Оздоровление среды методами реабилитационной педагогики входит в обязанности учителя. И хотя это не предмет клинической психологии в строгом смысле слова, без психопрофилактической ориентации учебного процесса рассчитывать на эффект терапии было бы легкомысленно. Есть даже термин «лечебная педагогика», где, в отличие от дефектологии (там свои методы и задачи работы с детьми, недостаточно восприимчивыми к традиционным формам обучения и воспитания), речь идет о рациональном распределении нагрузок, использовании сильных сторон индивидуальности и компенсации имеющихся недостатков с целью выравнивания и успеха.

Однако путь к этой идее был нелегок и не скор. Советская педагогика, взяв за основу концепцию Л. Выготского, решительно и на долгие годы повернула научную мысль исключительно в направлении дидактики.
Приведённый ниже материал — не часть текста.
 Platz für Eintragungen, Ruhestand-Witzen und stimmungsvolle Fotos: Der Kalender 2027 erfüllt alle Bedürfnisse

Такая манера брать аксиому (если человека воспитывают животные, ни о каком развитии речи быть не может) для объяснения феноменов повседневной жизни, минуя или игнорируя связующую их цепочку закономерностей, тогда никого не удивляла. Свободу воли объясняли с помощью рефлексов, личные симпатии – генетическими факторами, а первичность материи над духом вообще считалась достаточной для обобщающей теории всего.
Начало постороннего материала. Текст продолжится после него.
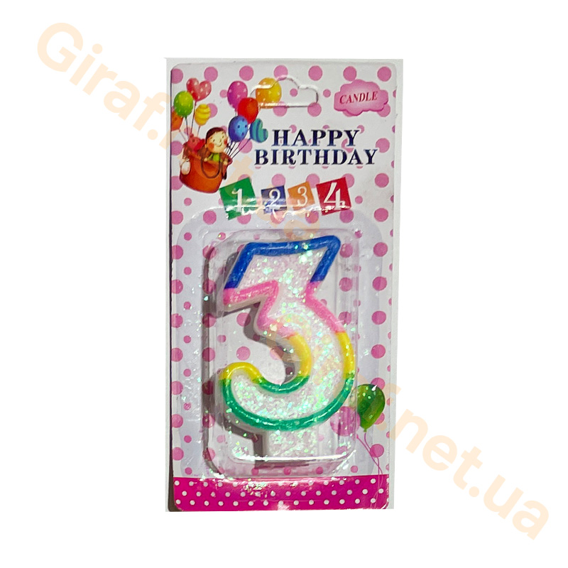 Свеча для торта в виде цифры Три, яркие, блестящие

Естественно, порядки, в основе которых лежат неверные представления о природе человека, скоро пришли в столкновение с действительностью. Наше просвещение, свято веря в первичность обучения, стало злоупотреблять насилием в отношении детей, которые по своим «психофизиологическим данным не соответствовали требованиям» (читай – не хотели соответствовать в силу своей порочной и злой воли). К середине 50-х годов прошлого столетия пришлось извиниться за допущенные крайности. И хотя мне лично приходилось еще в середине 80-х годов спорить с профессурой педагогических вузов, считавшей, что «их задача научить студентов правильным методикам обучения, а если ребенок не включается
в работу – это дело врача», в целом отношение к человеческому фактору стало меняться. От исходящей от Д. Эльконина и поддержанной В. Давыдовым установки, направлявшей усилия педагогической науки (очень маломощной) на формирование учебного материала и интенсификацию умственного развития, стала постепенно отпочковываться проблематика индивидуального подхода.
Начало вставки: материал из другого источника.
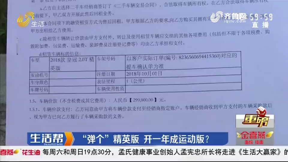 为了解决问题,记者和朱女士来到了潍坊联达名车行总店,店的门头和店内都有不少“弹个车”的广告元素。潍坊联达名车行总店王经理表示,朱女士当初从店里提走的车,是“弹个车”提供的车源,协议也是和“弹个车”的母公司浙江大搜车融资租赁有限公司签的。他们只负责给“弹个车”提供销售、交车和挂牌等服务,至于车型还得看当时签订的协议才行。王经理看了朱女士的协议后表示,既然上面已经写明了车型是2018款皇冠2.0T精英版,那朱女士提的车应该是精英版的。随后朱女士又拿出了4S店开具的证明,王经理表示这个证明他不能做评判,只能以试车为准。
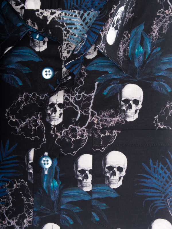 This design will definitely be a favorite for all the little rock fans out there! This skull print, in combination with the dark background, will look great with black or charcoal-grey jeans. Its soft collar and loose fit make it great for playtime, whereas the double-button cuffs and the right-hand side pocket add a stylish touch!
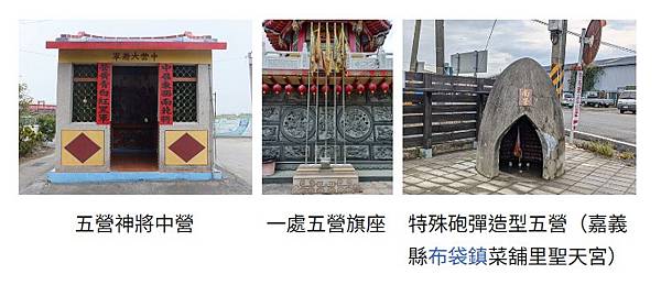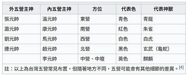 內外營:以臺灣民俗信仰而言,五營的構成又分為兩部分:內營神兵神將為正神之進衛軍的概念;外營則是以該廟之方圓為範圍,設置於村莊的五個方位地點。

Поначалу мысль по-прежнему оставалась в когнитивном пространстве, обогащая традиционные представления об обучении практикой «операционального» мышления, развиваемого в процессе овладения навыками самостоятельной работы над учебным материалом. Но вскоре стало ясно, что исходить из тезиса, согласно которому сам факт предъявления задания автоматически предполагает его выполнение, нереально. Педагогика взялась за разработку темы «желаемого обучения». На психические свойства и статус ученика в коллективе стали обращать все более пристальное внимание. «Улучшение учебной мотивации и развитие познавательных интересов» рассматривалось главным образом через призму коррекционной педагогики. Были открыты «классы выравнивания», где срок обучения продлили на один год. Результаты работы этих классов были обнадеживающими, однако позднейший опыт поубавил надежды. Трудно было избежать попадания в классы выравнивания учащихся с различными физическими и психическими дефектами, поскольку отставание было результатом комбинации различных факторов. Сложности обусловливались и тем, что проблемы медико-психологической типологизации учащихся в целом не были проработаны (к сожалению, это относится и к настоящему дню), недостаточной оказалась также методическая подготовка учителей. В результате обнаружилось, что перевести в обычный класс после известного выравнивания можно лишь отдельных наиболее успевающих учеников. Постепенно классы выравнивания стали превращаться в классы для детей с задержками психического развития, где они оставались до окончания
основной школы.

Затем на смену так называемой дифференциации с комплектованием учебных коллективов по признаку сходства имеющихся недостатков пришла идея индивидуального подхода в условиях «открытого обучения» и формирования «дидактических групп», в отличие от пресловутой «фронтальной работы» [4]. Принципы «гомогенного» и «гетерогенного» комплектования в реабилитационной педагогике и сегодня имеют как сторонников, так и оппонентов. Но лишь к концу XX века, когда «личностно ориентированная педагогика» стала всерьез теснить «дидактически ориентированную», появилась реальная возможность воплотить реабилитационную идею в практику современной школы. Исходя из главной цели – избежать социальной депривации из-за «несоответствия», вся методика работы может быть ориентирована на достижение успеха «в обход» традиционных ожиданий. И это понятно, ибо развитие личности многопланово. Если его искусственно сужать, вне образовательного пространства остается еще много ресурсов развития, способных обеспечить человеку вполне приемлемое соотношение между самооценкой и уровнем притязаний. Здесь и находится поле деятельности клинической психологии, когда к решению задач психопрофилактики следует подключать учебно-воспитательный процесс.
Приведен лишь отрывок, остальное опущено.